You say to privatize schooling is like privatizing garbage collection or package delivery -- highly indicative of how much you value what's between a person's ears, when it comes to their ability to promote secular democratic values in a world often hostile to such notions.
You don't really believe there *is* such a thing as a secular democracy needing to protect itself against its opponents and underminers, do you Haim? You think that stuff'll just automatically sort itself out, even as you imagine certain sects getting excluded from the voucher system because... again, you fall on your face, mumble incoherently about various target ethnicities you'd rather not mix with, or have your offspring mix with.
All that being said, I already said "Amen" when you wanted me to, admitting to ugly corruption and incompetence among the rank and file in various public institutions (not just the public schools, not by a long shot).[*] There're bad apples in the military too, or simply lots of folks promoted to a higher rank than their true level of competence. Absolutely there're management challenges. Like you said, the task is huge, the army vast.
Of course there're breakdowns, and public vigilance should be welcomed. Parents with pitchforks have a vital role to play in our democracy. I'm *glad* MC/HOLD is on stage -- as one player among many though, as we've got our own brand of agit prop going with the parents, are not taking our marching orders from Bishop or Becker (both peddlers of tree killer big dummy textbooks of an antediluvian flavor).
One partial solution to the mess is to charter a lot of new public schools that offer a trully different approach to some of the perennial problems -- or in some cases simply reimplement old approaches with proven track records (for some, maybe a same-sex school is what's needed).
Charters are social contracts of a kind, and there's room for creativity in their open source coding.
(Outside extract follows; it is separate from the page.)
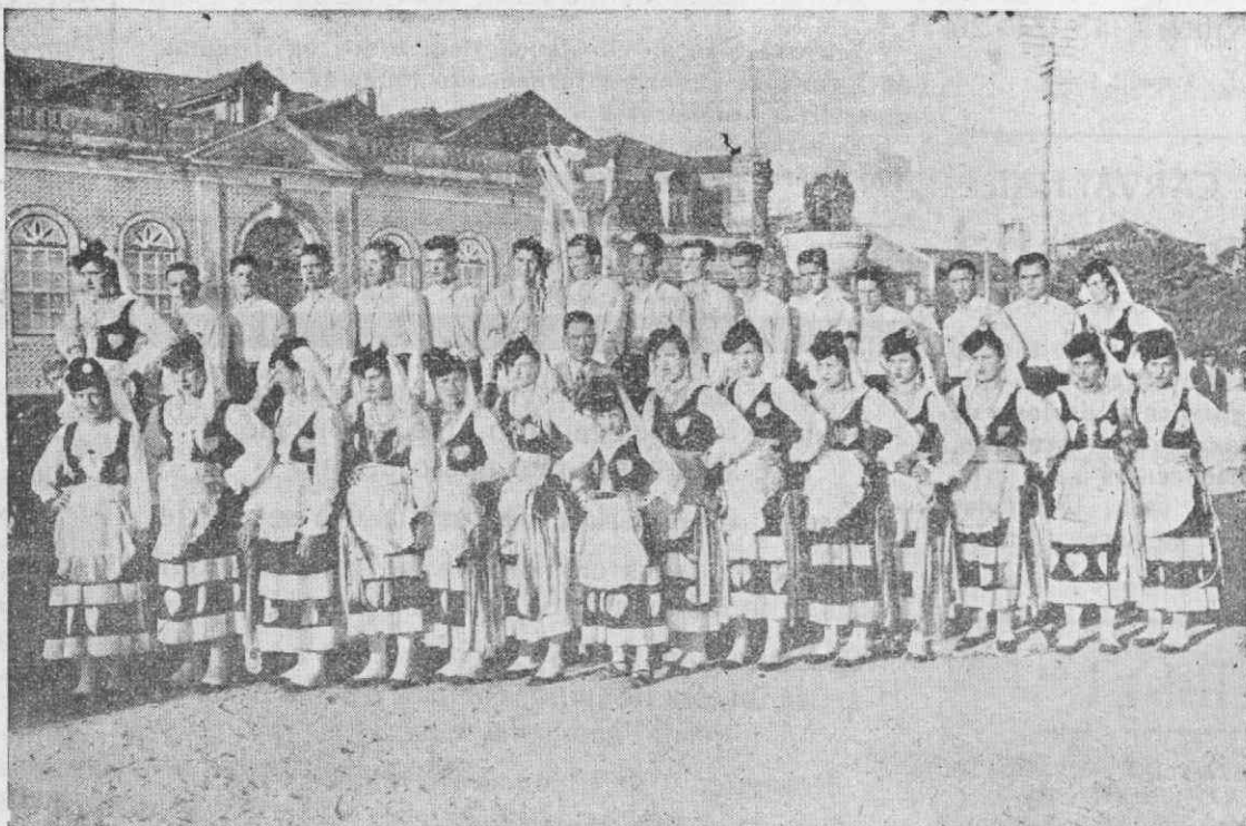
Rancho «Os Unidinhos», da Mealhada, que se exhibe na segunda-feira desta festa, conforme vai anunciado no programa

Recolhida a procissão, o juiz cessante, acompanhado dos seus mordomos e da Banda de Canelas, fará a ENTREGA DO RAMO ao juiz para 1948, cujo

This is where state legislatures *do* have a role, even if the curriculum content itself is best prepared within our institutions of higher learning (which may include small engineering and architectural firms, think tanks, nonprofits, teaching hospitals -- not just in sprawling universities like USC or SUNY, Oregon's systems).
Legislators write templates, blueprints, like class definitions in the OO paradigm. Individual schools are the instances of those templates (this is where that early math education with Python starts to pay off, now that you're a responsible law maker).
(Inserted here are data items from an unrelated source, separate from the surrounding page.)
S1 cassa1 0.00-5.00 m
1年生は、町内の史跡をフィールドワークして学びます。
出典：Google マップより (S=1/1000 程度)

Maybe some charters'll adopt Katrina Math for example, which includes free adult education for the parents, with lots of emphasis on practical entrepreneurship.
Katrina Math is a subtype of Gnu Math if you've been reading my take on it. Lots of free and open source computer labs sprouting up around New Orleans, connected to the real world by a shared challenge: how to get the USA up to speed, when it comes to responding to future natural disasters on a trully competent scale. Sounds like a worthy goal for any public system to work towards.
We're glad to be of service, even if the Silicon Forest is geographically far away.